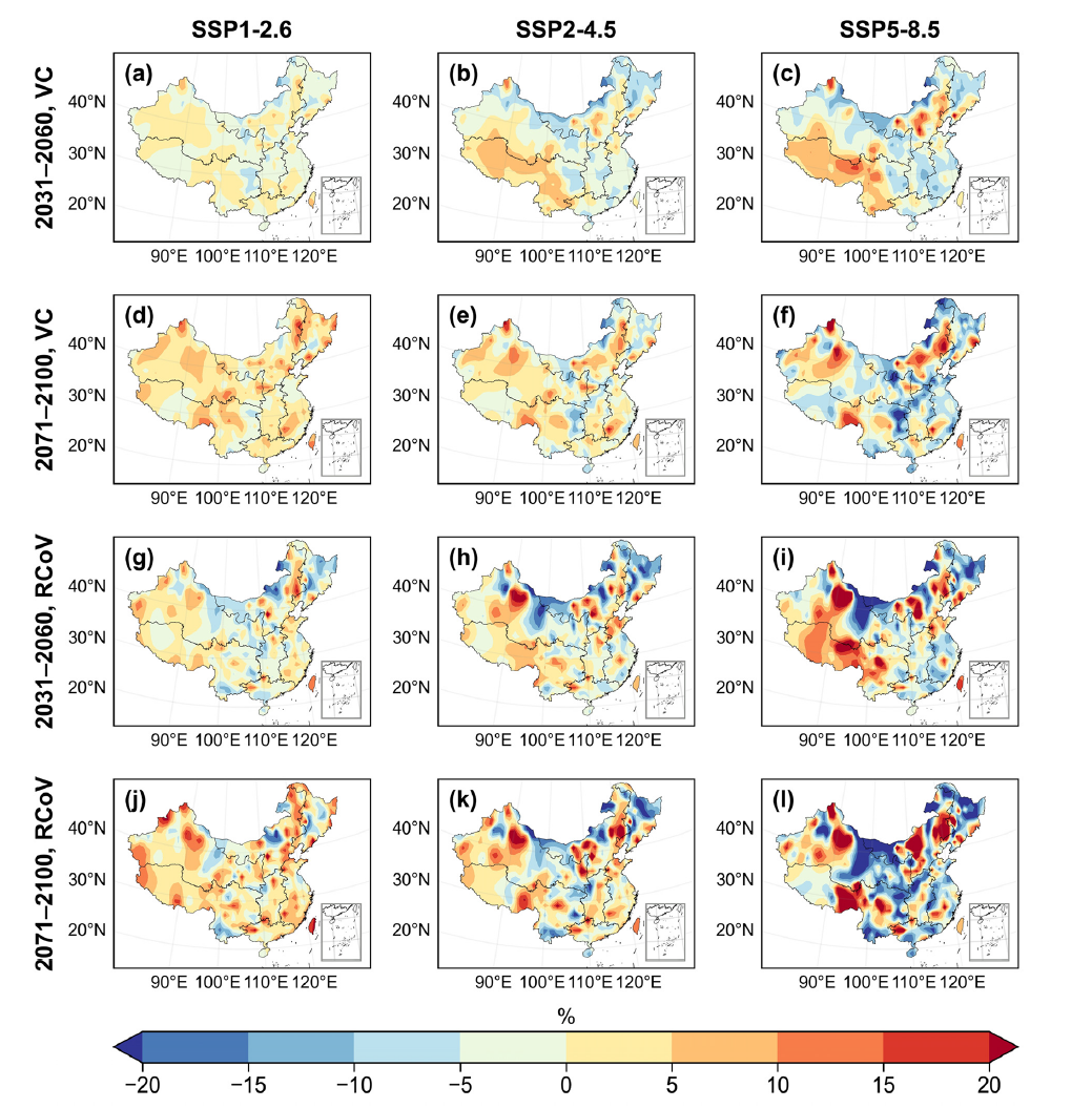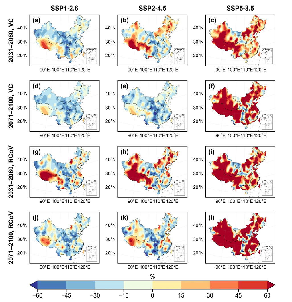 预计风能强度的增加将出现在相对较冷的月份,而在较高排放情境下的幅度更大。除了中世纪(2031-2060 年)在 SSP2-4.5 情境下,我国大部分地区的风能资源都将经历减少。
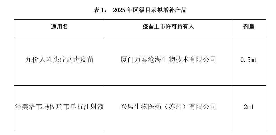 为贯彻实施《中华人民共和国疫苗管理法》和《预防接种工作规范》等法规文件要求,根据上海药品集团采购(GPO)服务网公布的2025年度上海市非免疫规划疫苗集团采购中选产品目录及《青浦区卫生健康委非免疫规划疫苗遴选管理办法》,为保障疫苗稳定供应,满足市民接种需求,有2个产品作为拟增补产品,见表1。
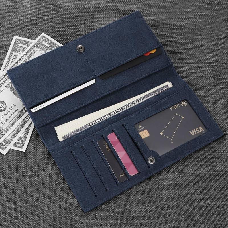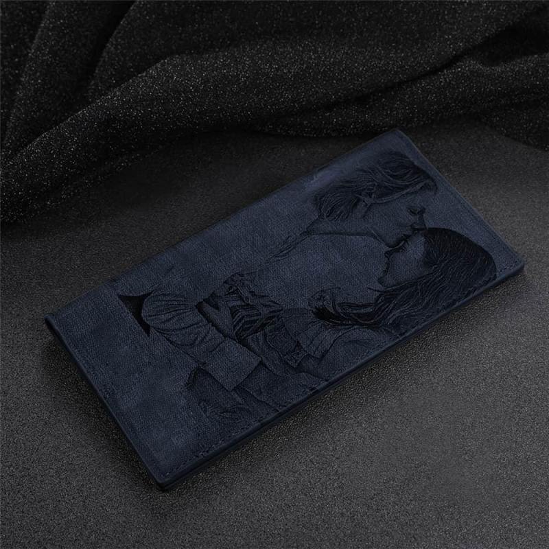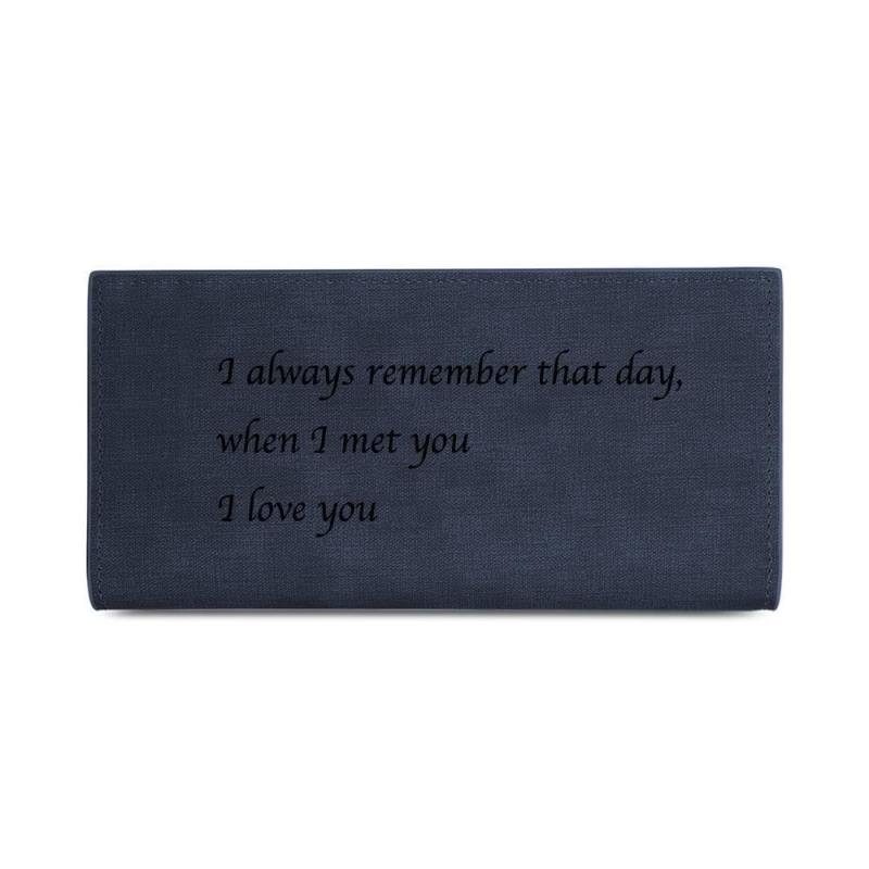 محفظة رجالية طويلة الطراز ثنائية الطي محفور عليها صورة مخصصة - جلد أزرق

* * * * * * * * *

== Problem description ==
Could you restate all of the data above word for word and skip every picture?

== Exercise answer ==
 预计风能强度的增加将出现在相对较冷的月份,而在较高排放情境下的幅度更大。除了中世纪(2031-2060 年)在 SSP2-4.5 情境下,我国大部分地区的风能资源都将经历减少。
 为贯彻实施《中华人民共和国疫苗管理法》和《预防接种工作规范》等法规文件要求,根据上海药品集团采购(GPO)服务网公布的2025年度上海市非免疫规划疫苗集团采购中选产品目录及《青浦区卫生健康委非免疫规划疫苗遴选管理办法》,为保障疫苗稳定供应,满足市民接种需求,有2个产品作为拟增补产品,见表1。
 محفظة رجالية طويلة الطراز ثنائية الطي محفور عليها صورة مخصصة - جلد أزرق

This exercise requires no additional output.